Prism: Symbolic Superoptimization of Tensor Programs
Prism uses sGraph for symbolic superoptimization of tensor programs, achieving up to 2.2x speedup.
Key Findings
Methodology
Prism employs sGraph, a symbolic hierarchical representation, to achieve superoptimization of tensor programs. sGraph compactly encodes large classes of tensor programs by symbolically representing execution parameters. Prism organizes optimization as a two-level search: constructing symbolic graphs representing program families and instantiating them into concrete implementations. This enables structured pruning of provably suboptimal regions using symbolic reasoning over operator semantics, algebraic identities, and hardware constraints. Key techniques include efficient symbolic graph generation, equivalence verification via e-graph rewriting, and parameter instantiation through auto-tuning.
Key Results
- Prism achieves up to 2.2x speedup over the best superoptimizers and 4.9x over the best compiler-based approaches on five commonly used LLM workloads, while reducing end-to-end optimization time by up to 3.4x.
- Through symbolic reasoning, Prism effectively prunes the search space, handling complex optimization problems that traditional enumeration methods cannot.

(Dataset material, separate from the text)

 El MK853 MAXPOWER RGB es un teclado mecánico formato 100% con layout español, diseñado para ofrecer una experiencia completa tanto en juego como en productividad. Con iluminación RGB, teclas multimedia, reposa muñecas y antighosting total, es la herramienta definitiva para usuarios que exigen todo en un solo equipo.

- Prism preserves optimality guarantees; its pruning process is sound and does not eliminate optimal solutions.
Significance
Prism significantly enhances the execution efficiency of tensor programs, particularly in modern ML workloads. By leveraging symbolic superoptimization, Prism automatically discovers efficient tensor program implementations, reducing reliance on manually designed rules. This decreases engineering effort for supporting new operators or hardware targets and expands the optimization space to capture combinatorial interactions that human intuition might miss.
Technical Contribution
Prism introduces sGraph, a symbolic representation that organizes the search space without concretely enumerating candidate programs. Compared to existing enumeration and sampling methods, Prism explores larger search spaces and discovers higher-quality optimizations. Additionally, Prism achieves structured pruning through symbolic reasoning, ensuring optimality guarantees.
Novelty
Prism is the first symbolic superoptimizer for tensor programs, introducing sGraph to compactly encode program families. Unlike existing enumeration and sampling methods, Prism achieves more efficient search and pruning through symbolic reasoning.
Limitations
- Prism may have limitations in handling specific complex hardware constraints, as these constraints might not be effectively expressed and pruned through symbolic reasoning.
- Prism's performance depends on the efficiency of symbolic graph generation and equivalence verification, which may become bottlenecks in certain scenarios.

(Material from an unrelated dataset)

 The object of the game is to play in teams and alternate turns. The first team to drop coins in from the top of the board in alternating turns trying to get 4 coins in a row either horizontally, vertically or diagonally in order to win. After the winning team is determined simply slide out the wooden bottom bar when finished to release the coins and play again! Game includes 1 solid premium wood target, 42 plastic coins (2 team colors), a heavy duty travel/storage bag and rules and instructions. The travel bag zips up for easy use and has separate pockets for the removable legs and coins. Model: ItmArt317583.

- Prism's symbolic superoptimization approach may not significantly outperform existing methods on certain specific tensor programs.
Future Work
Future directions include extending Prism to support more types of hardware constraints, optimizing the efficiency of symbolic graph generation and equivalence verification, and exploring more symbolic reasoning techniques to further enhance optimization effectiveness.
AI Executive Summary
Efficient execution of machine learning models on GPUs is crucial for modern AI applications. However, existing optimization methods often rely on manually designed rules and scheduling templates, which struggle to capture complex combinatorial interactions. Prism introduces a new approach to symbolic superoptimization by leveraging sGraph, a symbolic representation that compactly encodes large classes of tensor programs. Through symbolic reasoning, Prism achieves structured pruning, eliminating suboptimal regions in the search space.
Prism's optimization process is organized as a two-level search: constructing symbolic graphs representing program families and instantiating them into concrete implementations. This allows Prism to explore larger search spaces without concretely enumerating candidate programs, discovering higher-quality optimizations. Key techniques include efficient symbolic graph generation, equivalence verification via e-graph rewriting, and parameter instantiation through auto-tuning.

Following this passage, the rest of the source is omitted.